GIVEN DATA:
--- START ---

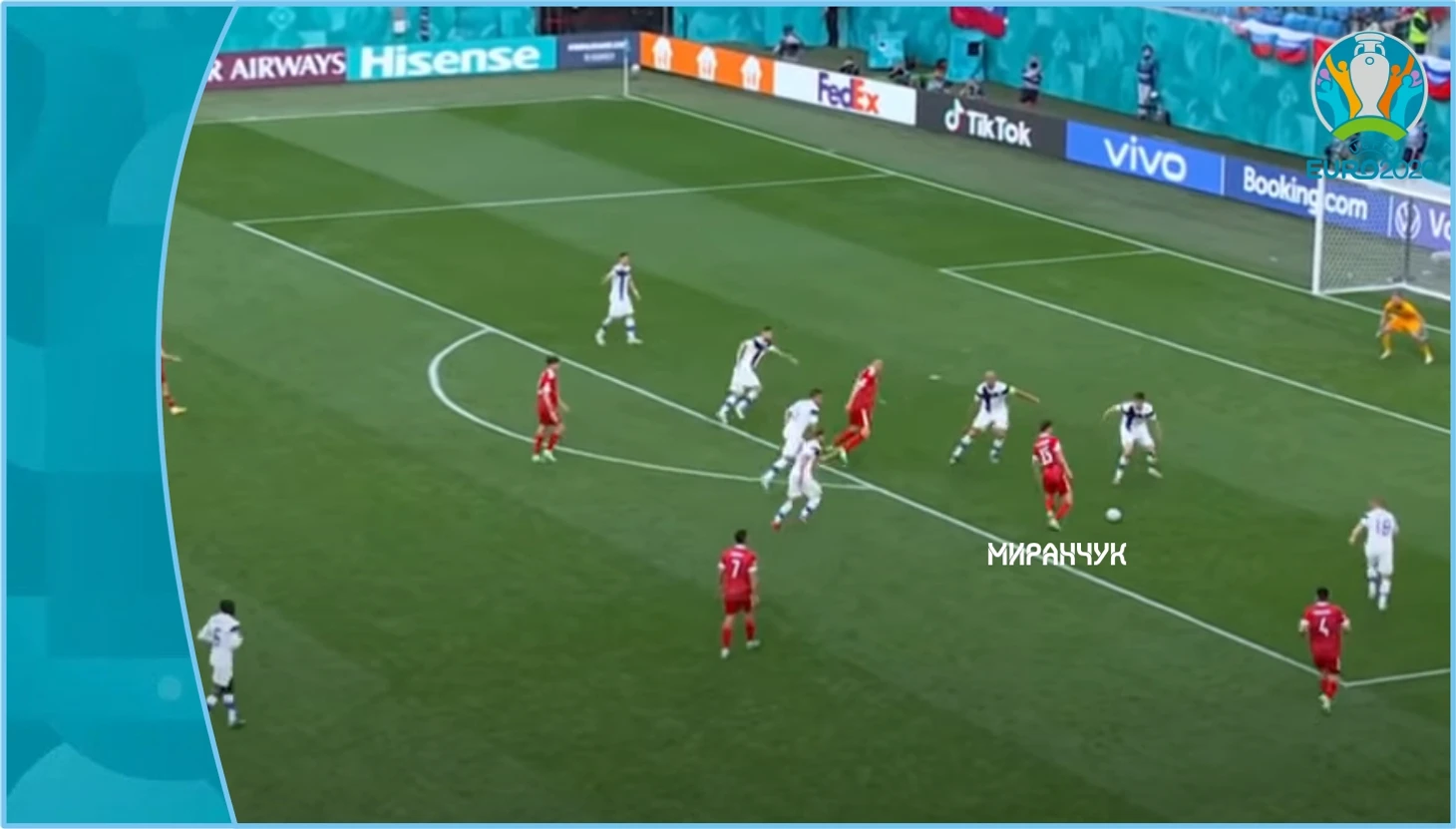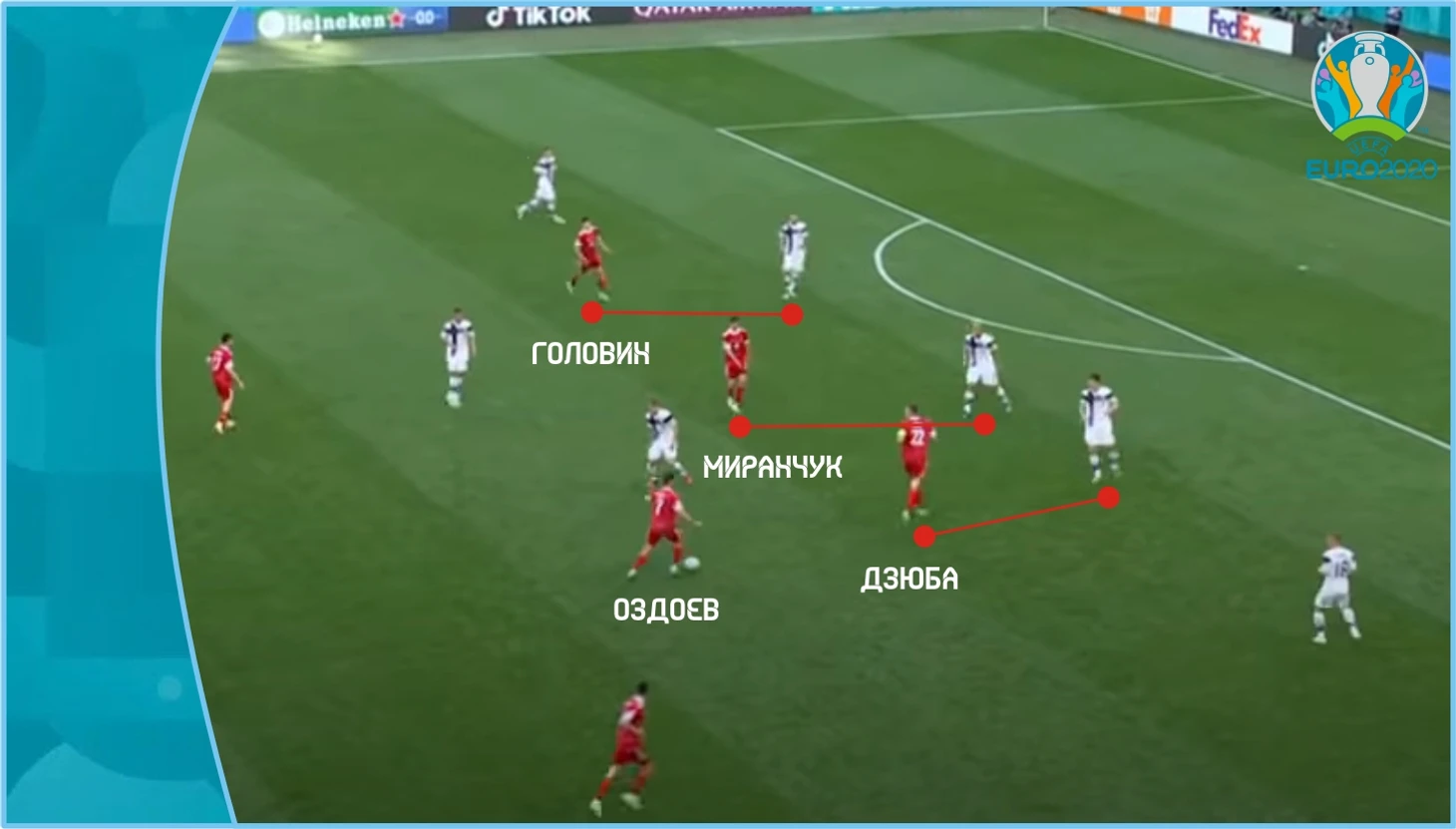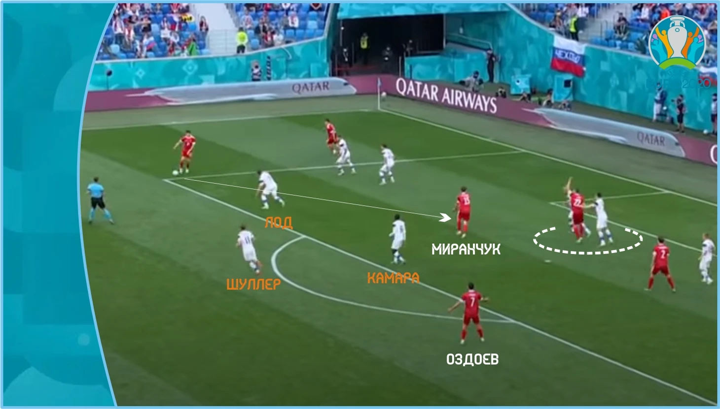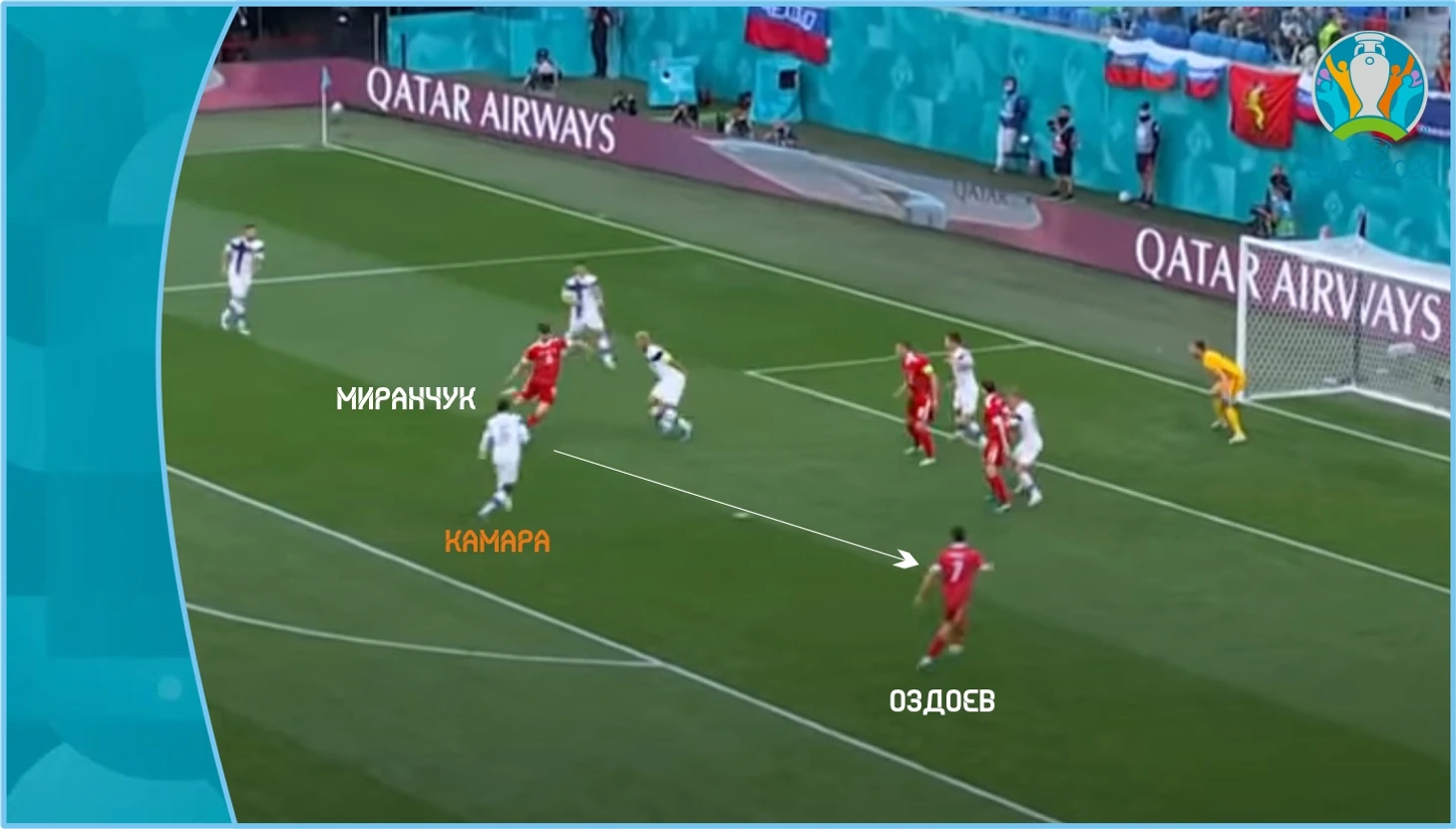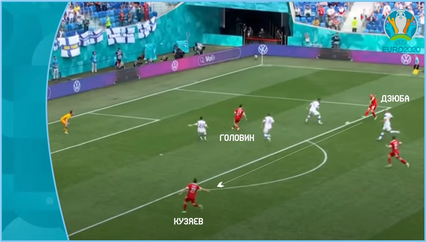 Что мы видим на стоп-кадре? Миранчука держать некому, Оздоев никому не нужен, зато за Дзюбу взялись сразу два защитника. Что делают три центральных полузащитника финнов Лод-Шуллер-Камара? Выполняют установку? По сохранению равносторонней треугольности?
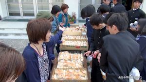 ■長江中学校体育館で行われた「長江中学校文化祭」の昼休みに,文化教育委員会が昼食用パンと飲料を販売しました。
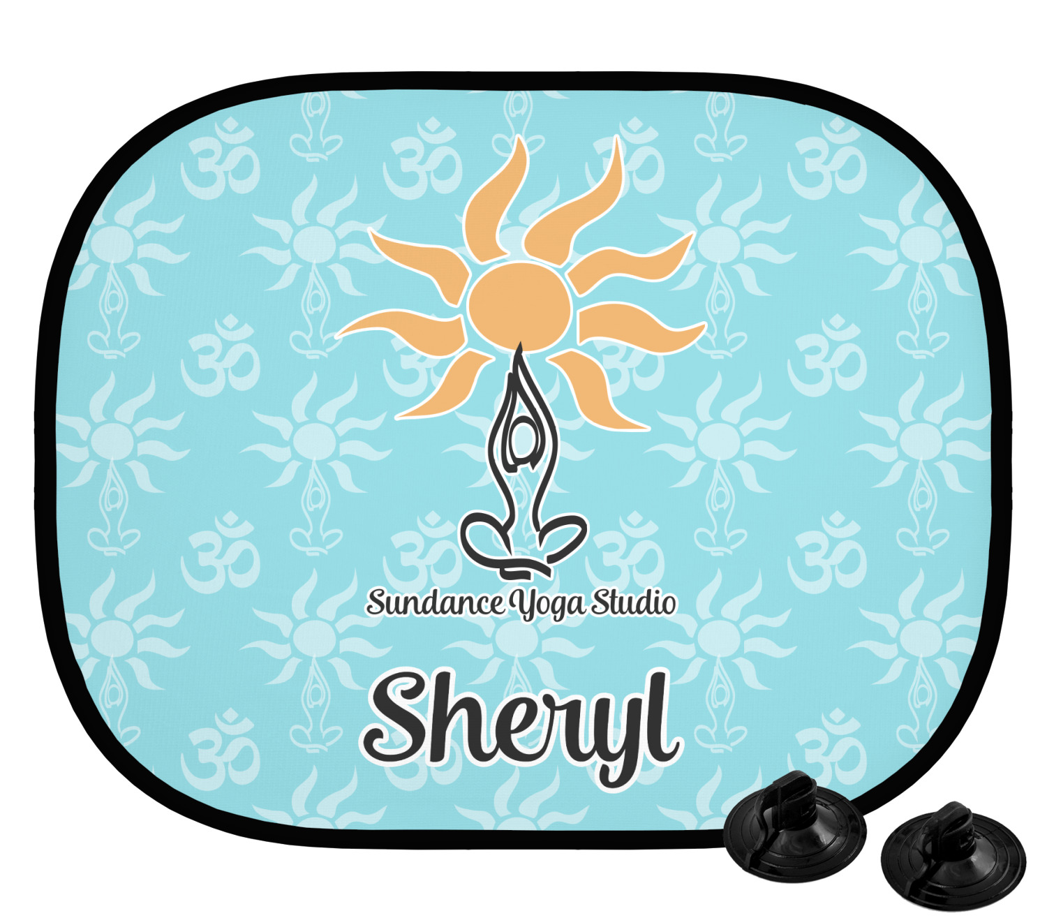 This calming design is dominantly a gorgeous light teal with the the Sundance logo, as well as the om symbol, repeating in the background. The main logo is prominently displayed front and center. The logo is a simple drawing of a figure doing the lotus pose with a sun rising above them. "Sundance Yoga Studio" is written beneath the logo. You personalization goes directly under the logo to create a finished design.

--- END ---

Without the pictures, copy the material exactly as given.

 Что мы видим на стоп-кадре? Миранчука держать некому, Оздоев никому не нужен, зато за Дзюбу взялись сразу два защитника. Что делают три центральных полузащитника финнов Лод-Шуллер-Камара? Выполняют установку? По сохранению равносторонней треугольности?
 ■長江中学校体育館で行われた「長江中学校文化祭」の昼休みに,文化教育委員会が昼食用パンと飲料を販売しました。
 This calming design is dominantly a gorgeous light teal with the the Sundance logo, as well as the om symbol, repeating in the background. The main logo is prominently displayed front and center. The logo is a simple drawing of a figure doing the lotus pose with a sun rising above them. "Sundance Yoga Studio" is written beneath the logo. You personalization goes directly under the logo to create a finished design.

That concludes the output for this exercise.